I implemented a fix in the LLM creation / destruction.
Hi, i have checked the latest release and noticed that the llmCharacter WarmupCallback can return before llm.started. Combined with a Nullref in the callback allegedly caused the original error above.
UnityThread
{
_ = llmCharacter.Warmup(WarmUpCallback);
}
private void WarmUpCallback()
{
llm.SetBasePrompt("something")); // LLM not created error
NotExisting.Val = x; // Crash with last reported lifesign comming from LLM
}
imo the crash is resolved - unity is just gone before it can name the real culprit up the stack.

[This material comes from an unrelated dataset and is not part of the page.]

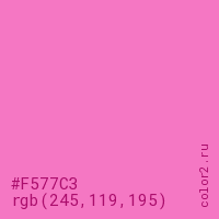 Цвет #F577C3 в цветовой модели RGB обозначается тремя октетами (245, 119, 195) в десятичном формате и #F577C3 в шестнадцатиричном (hex) формате, которые являются интенсивностью красного 245 (hex F5), интенсивность зелёного 119 (hex 77) и интенсивность синего 195 (hex C3).

I can't think how this can happen 🙂 .
All the local chat calls (i.e. not on remote server) including warmup pass through this line
https://github.com/undreamai/LLMUnity/blob/main/Runtime/LLMCharacter.cs#L714
which proceeds only if the llm has failed or started successfully.
This i not exactly my expertise and I'am just guessing that it could be a UnityMainThread vs. Tasks thing. Here is what i found: Tasks may not synchronize correctly with Unity's main thread and Unity API calls made from threads other than the main thread can lead to such race conditions. You can use UnityMainThreadDispatcher or use UnityEngine.UnitySynchronizationContext to marshal back to the main thread.